Task input:
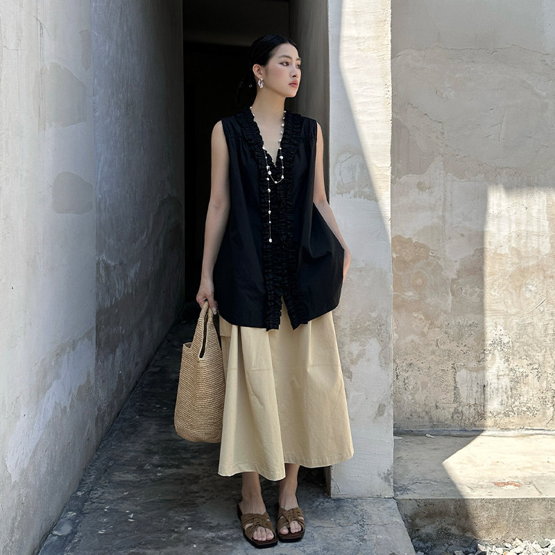 Petit Bari极简设计茧型纸袋裙半身裙 百搭A字裙中长款
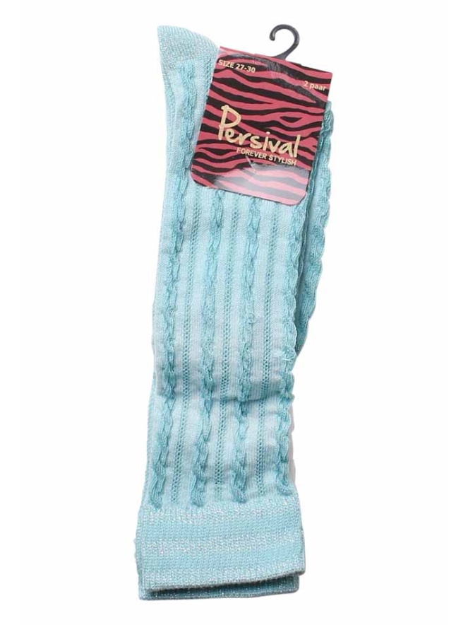 Kniekous voor meisjes van Persival. Deze kousen hebben een kabelmotief en glitter in de lurex boord, teen en hak. Per 2.
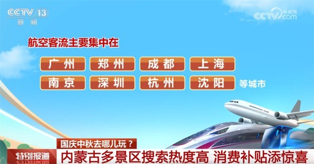 自驾游成为出行主流。航空客流主要集中在广州、郑州、成都、上海、南京、深圳、杭州、沈阳等城市。此外,内蒙古还推出总计1000万元电影消费补贴,用户最高可领取60元电影消费券。
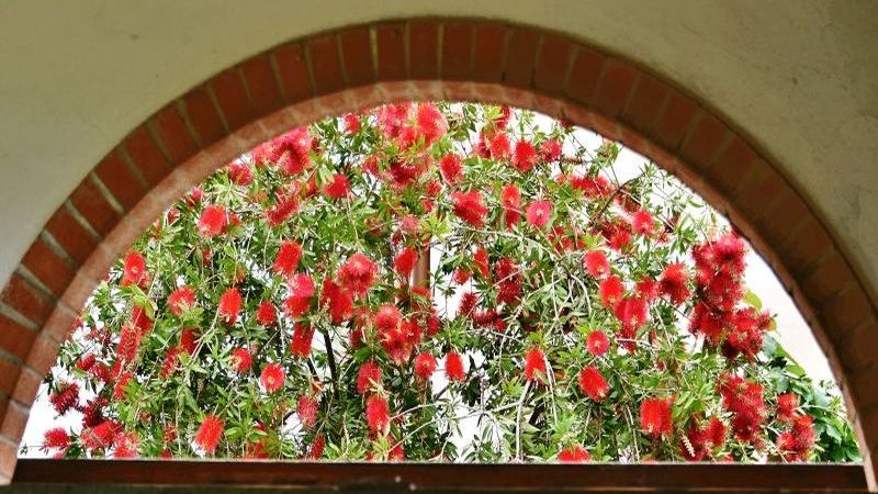 Un arco, con vista di tantissimi scovolini fioriti, un enorme ventaglio colorato di questa pianta dalle origini australiane ormai comune un pò ovunque con la sua particolarità davvero unica.
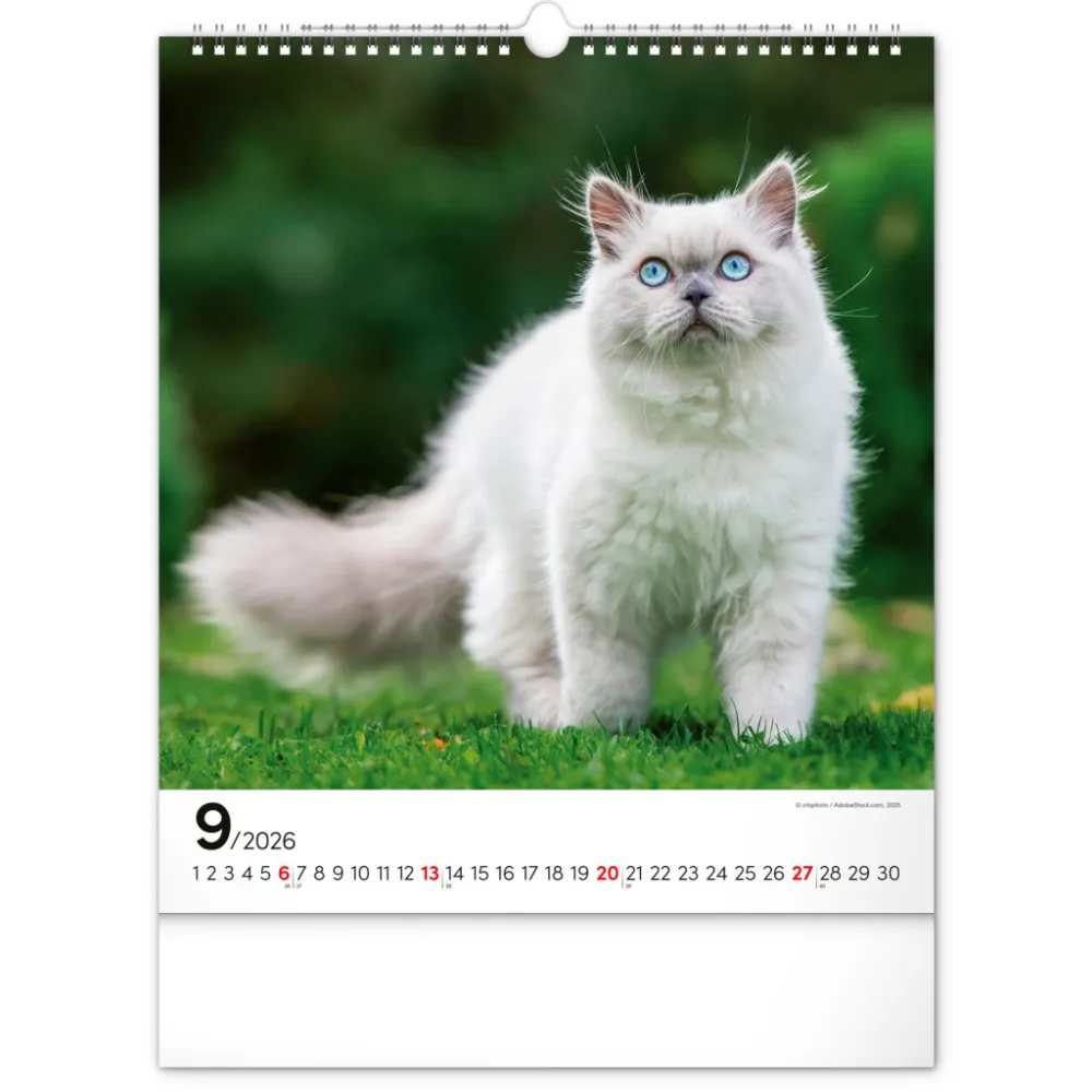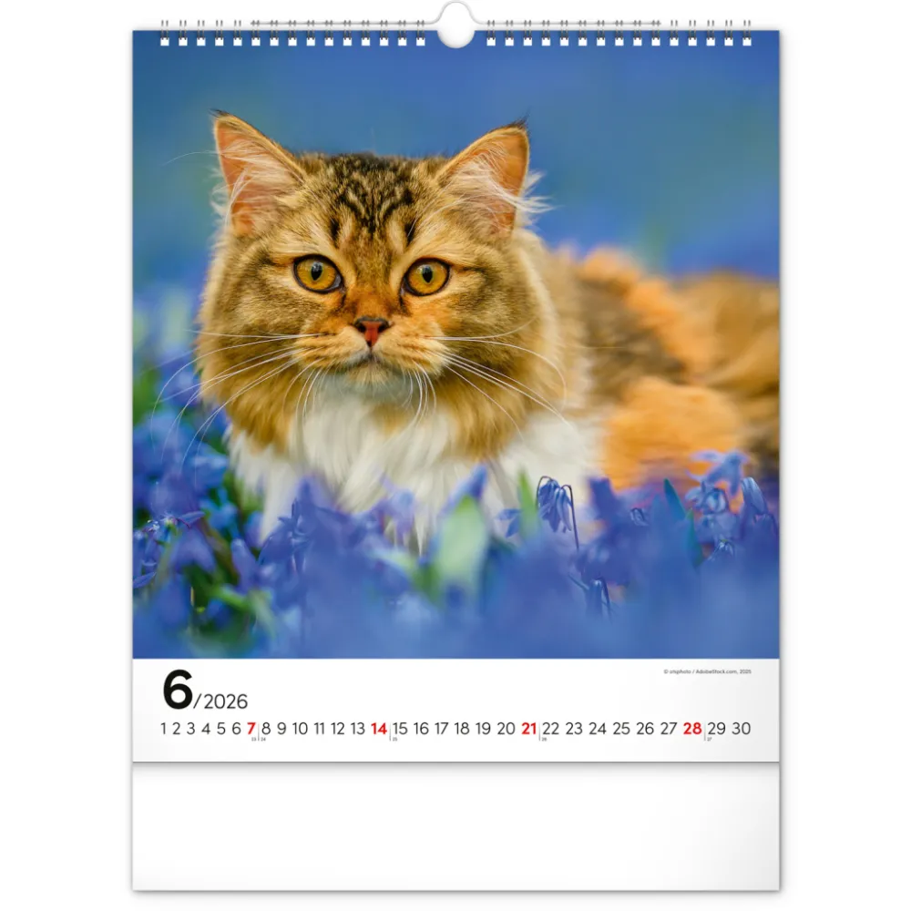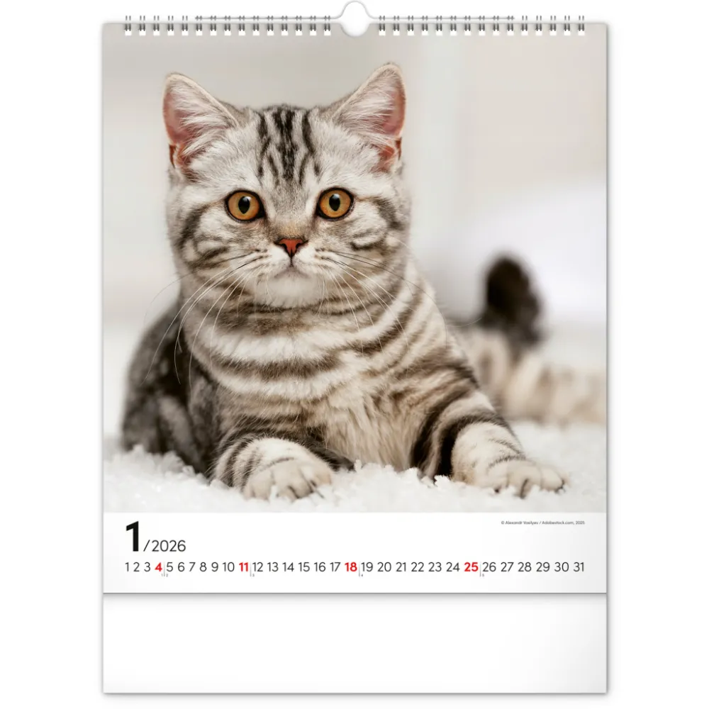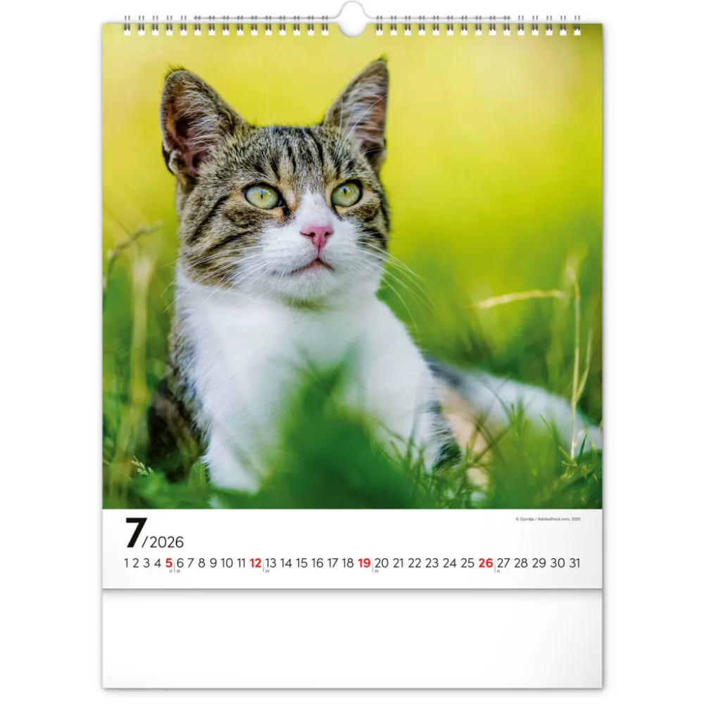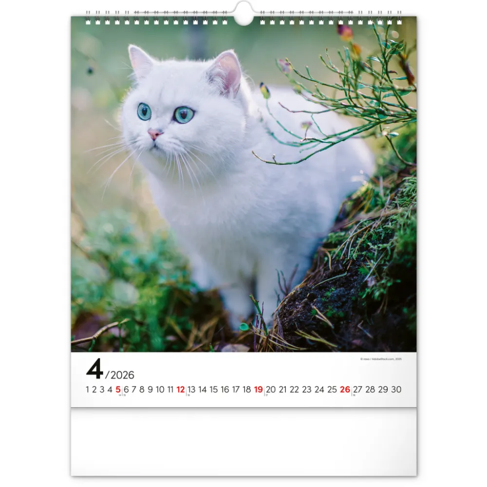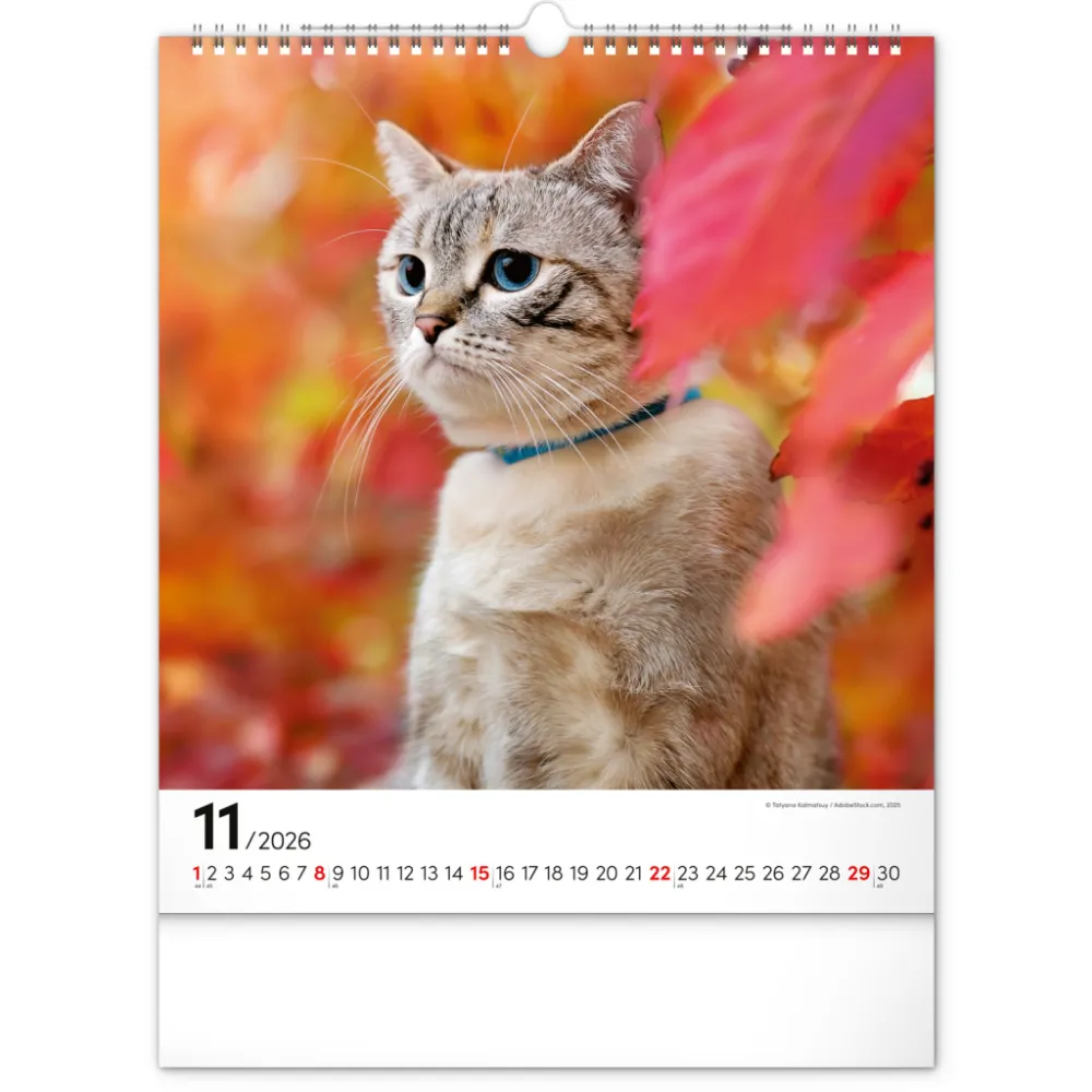 NOTIQUE Nástěnný kalendář Kočky 2026, 30 x 34 cm. Fotografie osobitých koček na stránkách oblíbeného nástěnného kalendáře s univerzálním kalendáriem na bílém pozadí.
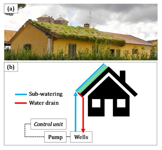 (a) Single-story building on which the green roof is installed and (b) roof-lawn whole system (an elaboration from [20]).
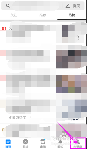 点击底部tab【未登录】。
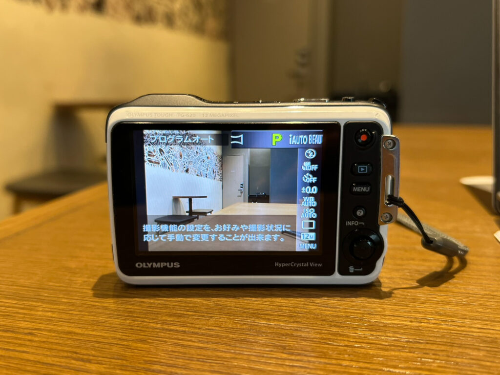 それが、OLYMPUS Tough(タフ)TG-620(2012年2月) です! かつてのOLYMPUSの人気だった”タフネス”コンパクトデジカメの一台です。
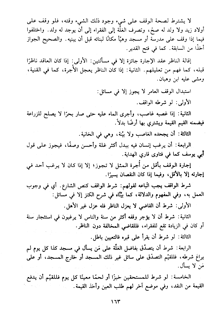 شَرْطُ الْوَاقِفِ يَجِبُ اتِّبَاعُهُ لِقَوْلِهِمْ: شَرْطُ الْوَاقِفِ كَنَصِّ الشَّارِعِ أَيْ فِي وُجُوبِ الْعَمَلِ بِهِ، وَفِي الْمَفْهُومِ وَالدَّلَالَةِ، كَمَا بَيَّنَّاهُ فِي شَرْحِ الْكَنْزِ إلَّا فِي مَسَائِلَ:
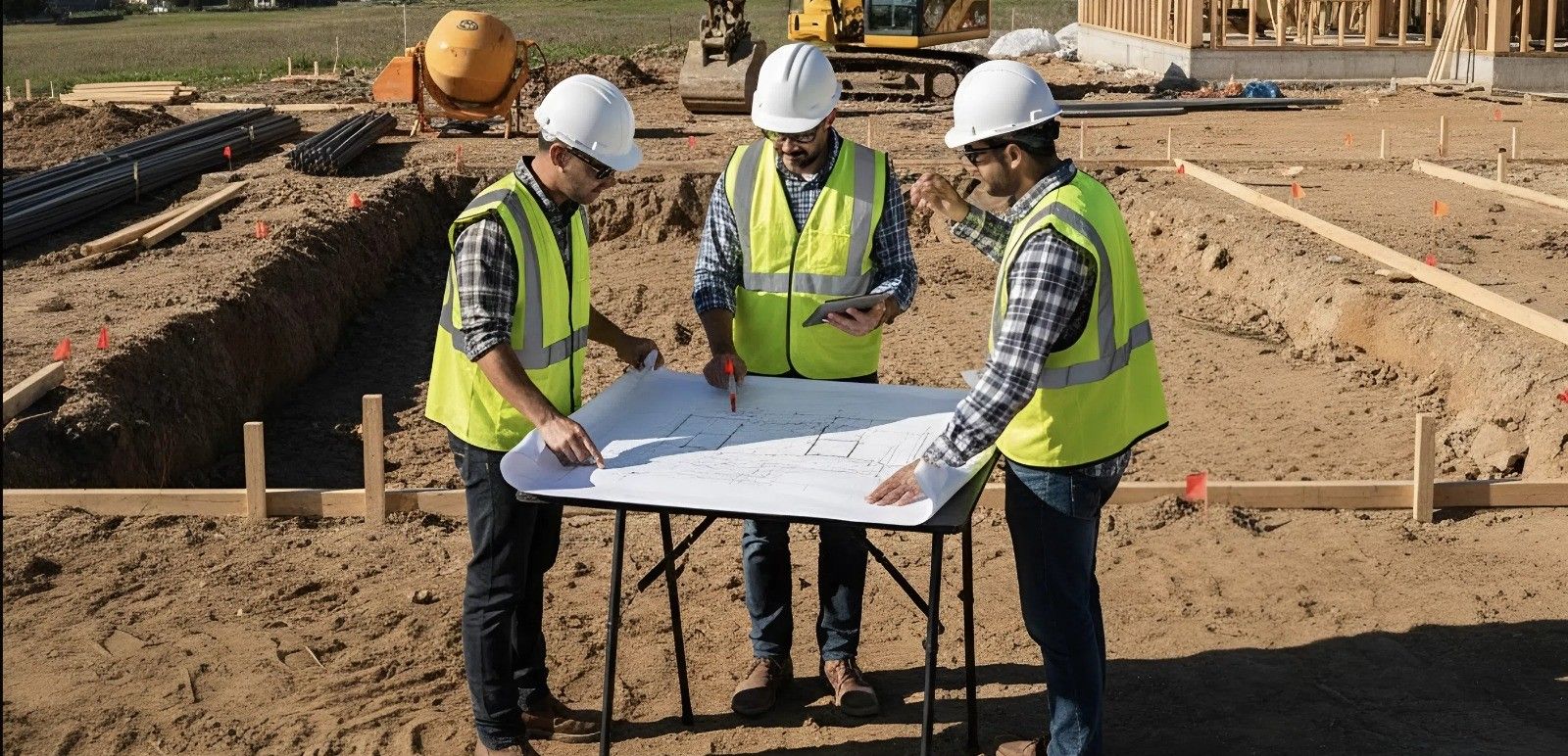 Для земляных и бетонных работ используем свою спецтехнику: экскаваторы, погрузчики, бетонные насосы, самосвалы. Это позволяет выходить на объект в нужный день и не зависеть от сторонних подрядчиков.

Your goal: Leave out the pictures and return the rest of the records exactly.

Response to the task:
 Petit Bari极简设计茧型纸袋裙半身裙 百搭A字裙中长款
 Kniekous voor meisjes van Persival. Deze kousen hebben een kabelmotief en glitter in de lurex boord, teen en hak. Per 2.
 自驾游成为出行主流。航空客流主要集中在广州、郑州、成都、上海、南京、深圳、杭州、沈阳等城市。此外,内蒙古还推出总计1000万元电影消费补贴,用户最高可领取60元电影消费券。
 Un arco, con vista di tantissimi scovolini fioriti, un enorme ventaglio colorato di questa pianta dalle origini australiane ormai comune un pò ovunque con la sua particolarità davvero unica.
 NOTIQUE Nástěnný kalendář Kočky 2026, 30 x 34 cm. Fotografie osobitých koček na stránkách oblíbeného nástěnného kalendáře s univerzálním kalendáriem na bílém pozadí.
 (a) Single-story building on which the green roof is installed and (b) roof-lawn whole system (an elaboration from [20]).
 点击底部tab【未登录】。
 それが、OLYMPUS Tough(タフ)TG-620(2012年2月) です! かつてのOLYMPUSの人気だった”タフネス”コンパクトデジカメの一台です。
 شَرْطُ الْوَاقِفِ يَجِبُ اتِّبَاعُهُ لِقَوْلِهِمْ: شَرْطُ الْوَاقِفِ كَنَصِّ الشَّارِعِ أَيْ فِي وُجُوبِ الْعَمَلِ بِهِ، وَفِي الْمَفْهُومِ وَالدَّلَالَةِ، كَمَا بَيَّنَّاهُ فِي شَرْحِ الْكَنْزِ إلَّا فِي مَسَائِلَ:
 Для земляных и бетонных работ используем свою спецтехнику: экскаваторы, погрузчики, бетонные насосы, самосвалы. Это позволяет выходить на объект в нужный день и не зависеть от сторонних подрядчиков.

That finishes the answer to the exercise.